◆ Extracted entries ◆
== Segment start ==

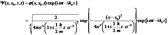Скорость вдоль оси z есть vz = pz/m = kz/m. Это позволяет выразить в последующем параметр t через отношение zz, т.е., сдвиг по координате z, с точностью до делителя νz, эмулирует время t. По этой причине, в дальнейшем в волновой функции Ψ(x,x0,z,t) будем опускать написание аргумента t.
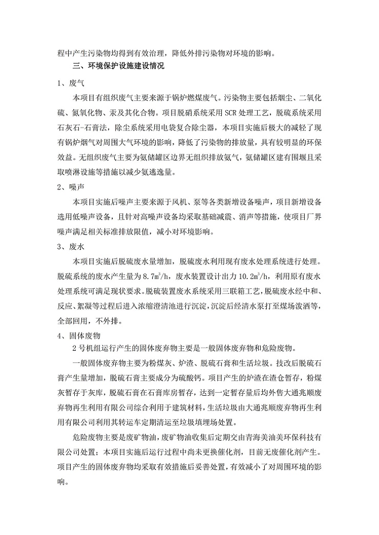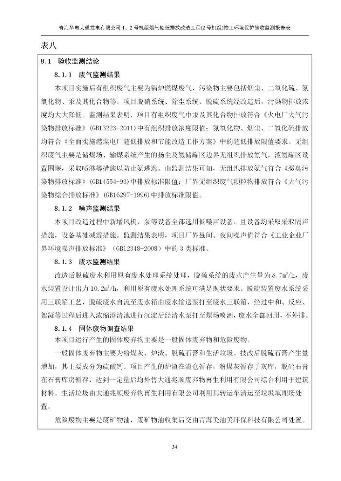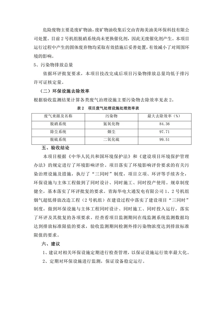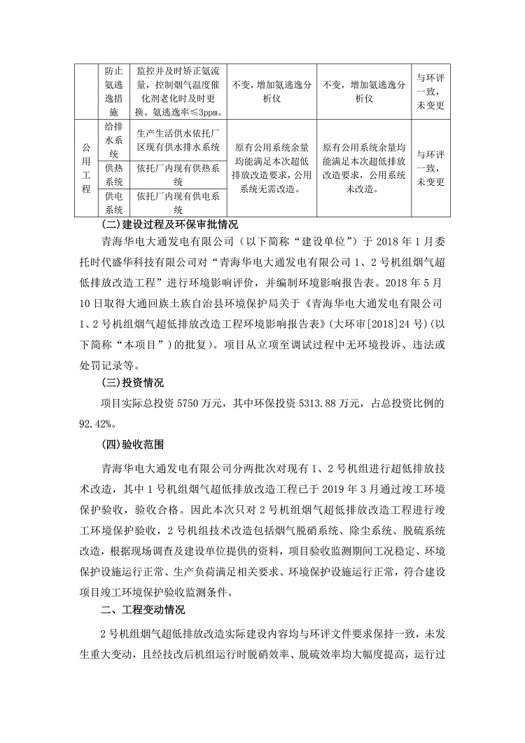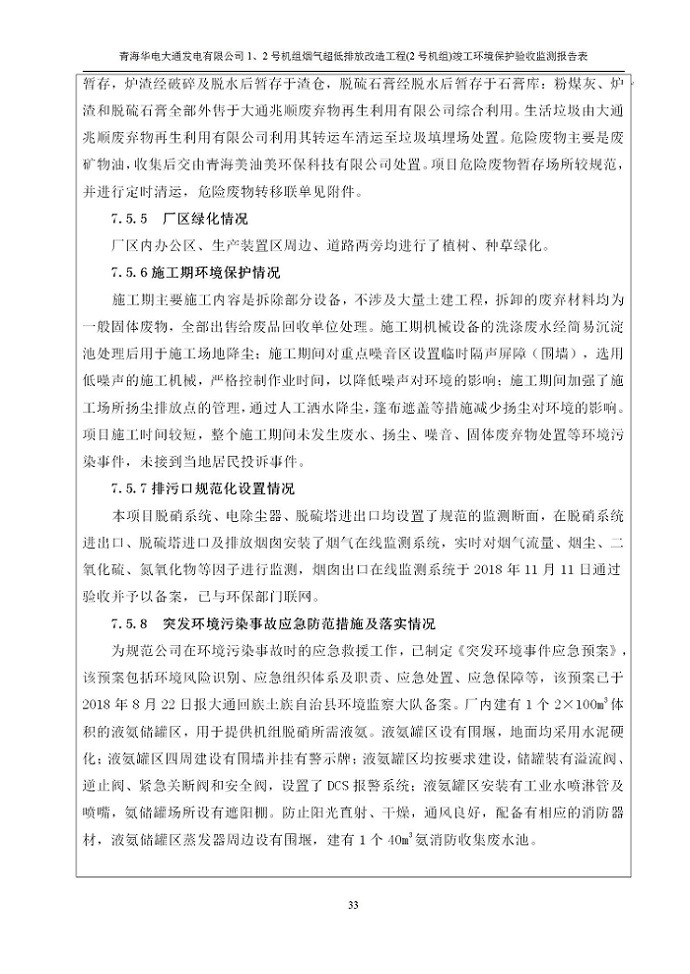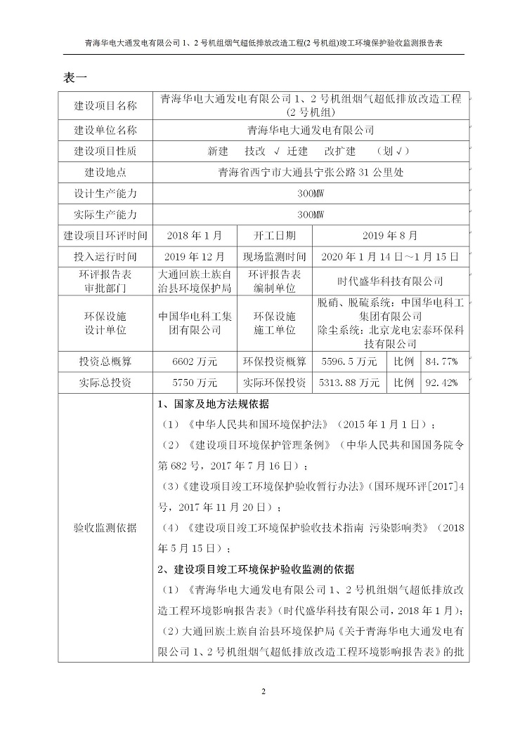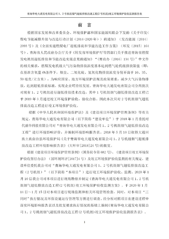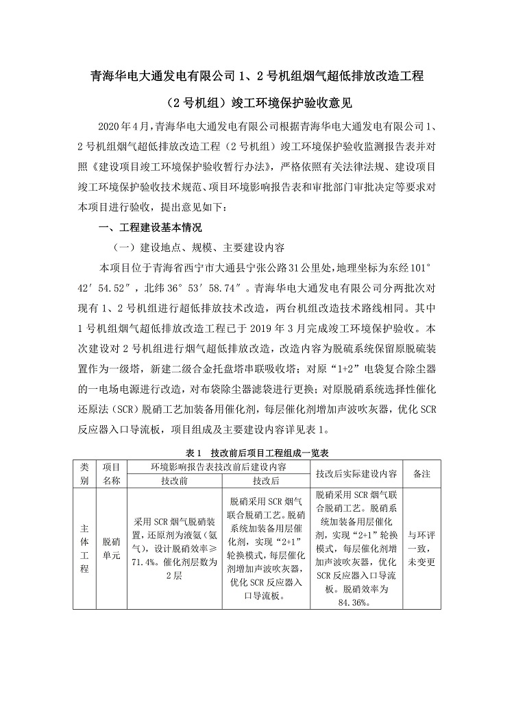 根據(jù)中華人民共和國國務(wù)院令第682號(hào)《國務(wù)院關(guān)于修改〈建設(shè)項(xiàng)目環(huán)境保護(hù)管理?xiàng)l例〉的決定》和《建設(shè)項(xiàng)目竣工環(huán)境保護(hù)驗(yàn)收暫行辦法》(國務(wù)院令682號(hào)),青海華電大通發(fā)電有限公司1、2號(hào)機(jī)組煙氣超低排放改造工程(2號(hào)機(jī)組) (包括竣工環(huán)境保護(hù)驗(yàn)收監(jiān)測報(bào)告表和驗(yàn)收意見)公示如下。 一、項(xiàng)目名稱:青海華電大通發(fā)電有限公司1、2號(hào)機(jī)組煙氣超低排放改造工程(2號(hào)機(jī)組) 竣工環(huán)境保護(hù)驗(yàn)收監(jiān)測報(bào)告表 二、地點(diǎn):青海省西寧市大通縣寧張公路31公里處 三、建設(shè)單位:青海華電大通發(fā)電有限公司 四、建設(shè)內(nèi)容:2號(hào)機(jī)組煙氣超低排放改造,2號(hào)機(jī)組改造內(nèi)容為脫硫系統(tǒng)保留原脫硫裝置作為一級(jí)塔,新建二級(jí)合金托盤塔串聯(lián)吸收塔;對(duì)原“1+2”電袋復(fù)合除塵器的一電場電源進(jìn)行改造,對(duì)布袋除塵器濾袋進(jìn)行更換;對(duì)原脫硝系統(tǒng)選擇性催化還原法(SCR)脫硝工藝加裝備用催化劑,每層催化劑增加聲波吹灰器,優(yōu)化SCR反應(yīng)器入口導(dǎo)流板。 五、聯(lián)系人:馬世敏 六、聯(lián)系電 話:0971-6515411 七、公示時(shí)間:二〇二〇年四月二十九日至二〇二〇年五月二十八日 公示期間,對(duì)上述公示內(nèi)容如有異議,請(qǐng)以書面形式反饋,個(gè)人須署真實(shí)姓名,單位須加蓋公章。
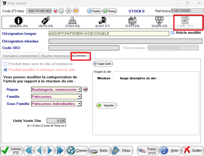 NB : Vous pouvez y accéder à tout moment dans les fiches produit, depuis l'onglet Compléments puis eCommerce :
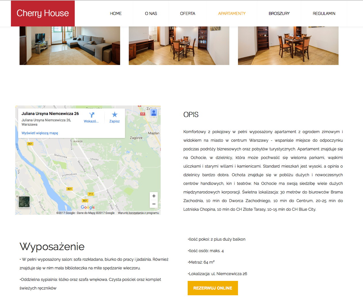 Przykład wykorzystania buttonu "Rezerwuj online" na stronie Apartamentów Cherry House
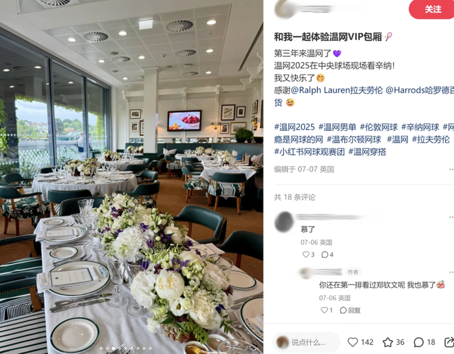 社交平台上,#温网穿搭攻略# 成了热词,小红书、TikTok、INS轮番刷屏名流穿搭。Lacoste、Gucci、Givenchy纷纷“被带货”,明明没买广告,却个个在温网赢了面子、赚了流量。
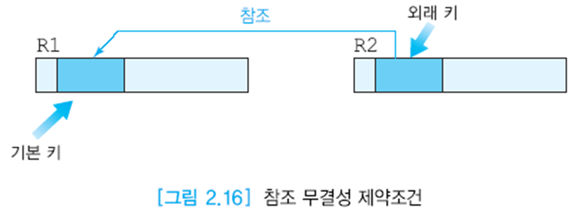 - 릴레이션 사이의 무결성 제약 조건 : 여러 릴레이션을 포함
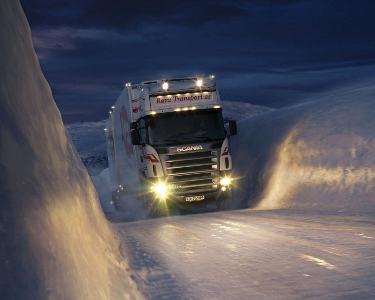 Обои Грузовик на зимней дороге
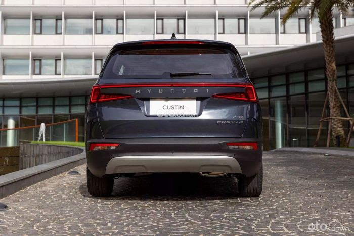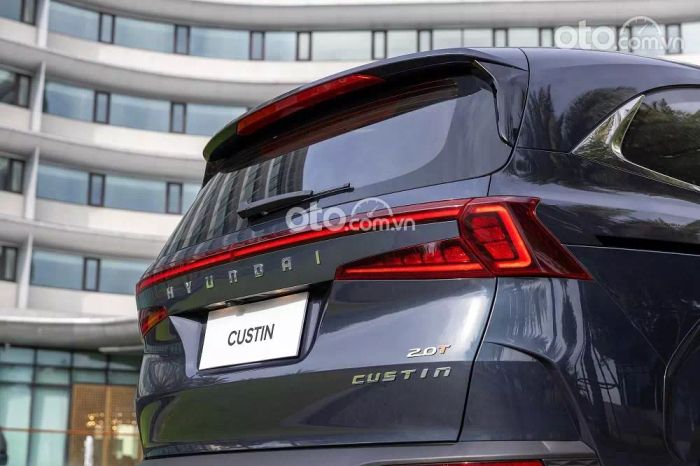Ở phía sau, Hyundai Custin nổi bật với cặp đèn hậu LED được nối liền nhau thông qua dải LED vắt ngang cửa cốp xe. Thay vì sử dụng biểu tượng logo của hãng, Custin sử dụng dòng chữ HYUNDAI - cách sắp xếp chữ giống như trên Genesis.

== Segment end ==

◆ Problem ◆
Starting at the first line of the entries, restate word for word everything through the line that holds "- 릴레이션 사이의 무결성 제약 조건 : 여러 릴레이션을 포함", both ends included, but omit any pictures.

◆ Problem solution ◆
Скорость вдоль оси z есть vz = pz/m = kz/m. Это позволяет выразить в последующем параметр t через отношение zz, т.е., сдвиг по координате z, с точностью до делителя νz, эмулирует время t. По этой причине, в дальнейшем в волновой функции Ψ(x,x0,z,t) будем опускать написание аргумента t.
 根據(jù)中華人民共和國國務(wù)院令第682號(hào)《國務(wù)院關(guān)于修改〈建設(shè)項(xiàng)目環(huán)境保護(hù)管理?xiàng)l例〉的決定》和《建設(shè)項(xiàng)目竣工環(huán)境保護(hù)驗(yàn)收暫行辦法》(國務(wù)院令682號(hào)),青海華電大通發(fā)電有限公司1、2號(hào)機(jī)組煙氣超低排放改造工程(2號(hào)機(jī)組) (包括竣工環(huán)境保護(hù)驗(yàn)收監(jiān)測報(bào)告表和驗(yàn)收意見)公示如下。 一、項(xiàng)目名稱:青海華電大通發(fā)電有限公司1、2號(hào)機(jī)組煙氣超低排放改造工程(2號(hào)機(jī)組) 竣工環(huán)境保護(hù)驗(yàn)收監(jiān)測報(bào)告表 二、地點(diǎn):青海省西寧市大通縣寧張公路31公里處 三、建設(shè)單位:青海華電大通發(fā)電有限公司 四、建設(shè)內(nèi)容:2號(hào)機(jī)組煙氣超低排放改造,2號(hào)機(jī)組改造內(nèi)容為脫硫系統(tǒng)保留原脫硫裝置作為一級(jí)塔,新建二級(jí)合金托盤塔串聯(lián)吸收塔;對(duì)原“1+2”電袋復(fù)合除塵器的一電場電源進(jìn)行改造,對(duì)布袋除塵器濾袋進(jìn)行更換;對(duì)原脫硝系統(tǒng)選擇性催化還原法(SCR)脫硝工藝加裝備用催化劑,每層催化劑增加聲波吹灰器,優(yōu)化SCR反應(yīng)器入口導(dǎo)流板。 五、聯(lián)系人:馬世敏 六、聯(lián)系電 話:0971-6515411 七、公示時(shí)間:二〇二〇年四月二十九日至二〇二〇年五月二十八日 公示期間,對(duì)上述公示內(nèi)容如有異議,請(qǐng)以書面形式反饋,個(gè)人須署真實(shí)姓名,單位須加蓋公章。
 NB : Vous pouvez y accéder à tout moment dans les fiches produit, depuis l'onglet Compléments puis eCommerce :
 Przykład wykorzystania buttonu "Rezerwuj online" na stronie Apartamentów Cherry House
 社交平台上,#温网穿搭攻略# 成了热词,小红书、TikTok、INS轮番刷屏名流穿搭。Lacoste、Gucci、Givenchy纷纷“被带货”,明明没买广告,却个个在温网赢了面子、赚了流量。
 - 릴레이션 사이의 무결성 제약 조건 : 여러 릴레이션을 포함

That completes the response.